The limitations of this study include, firstly, that it is only representative of inpatient hospital costs, and excludes outpatient healthcare utilization and costs. Secondly, this study utilized the Premier Hospital Database for patient selection, and laboratory testing data for serum sodium level are not available in this database; therefore, the severity of hyponatremia could not be accurately established in the HN patient population.
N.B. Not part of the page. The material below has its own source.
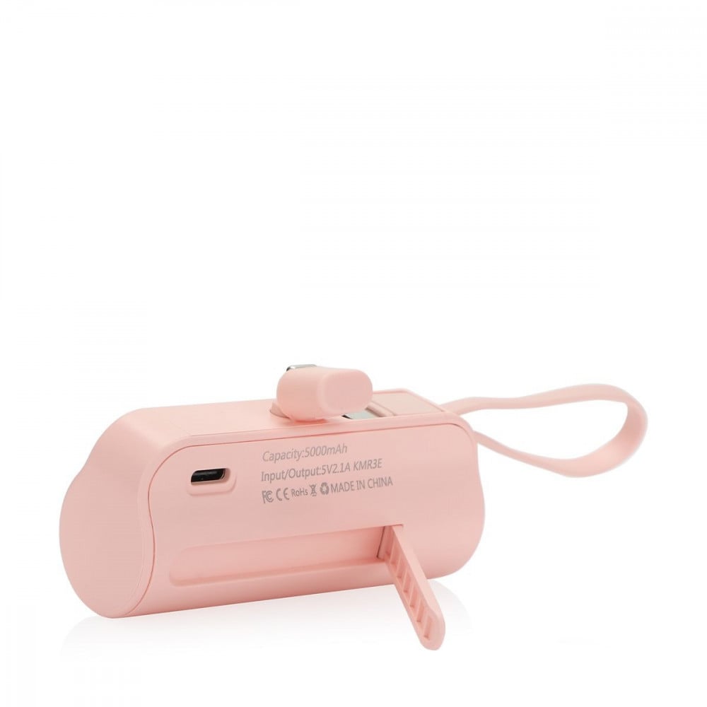 شاحن لاسلكي (باور بانك) صغير لايتنينج + كابل يو اس بي سي 5000 مللي امبير - زهري

Thirdly, the occurrence of hyponatremia in patients with some diseases is a marker of disease severity, as is the case with congestive heart failure and cirrhosis.23, 28 Our study did not adjust for the specific disease (eg, CHF) severity, which may influence the results. Future research is needed to evaluate the impact of hyponatremia on underlying disease severity of other diseases, and how its co‐occurrence may influence healthcare resource utilization and cost in each case. Although the Premier Hospital Database contains information from a large number of hospitals across the US, it is possible that it may not be representative of the entire US population of HN patients. Additionally, billing and coding errors and missing data could potentially have occurred, although the large patient population size likely precludes a large impact on the results of this study. Finally, the frequency of use of fluid restriction in these hospital settings could not be chronicled, thus limiting the ability to assess therapies and treatment modalities in use.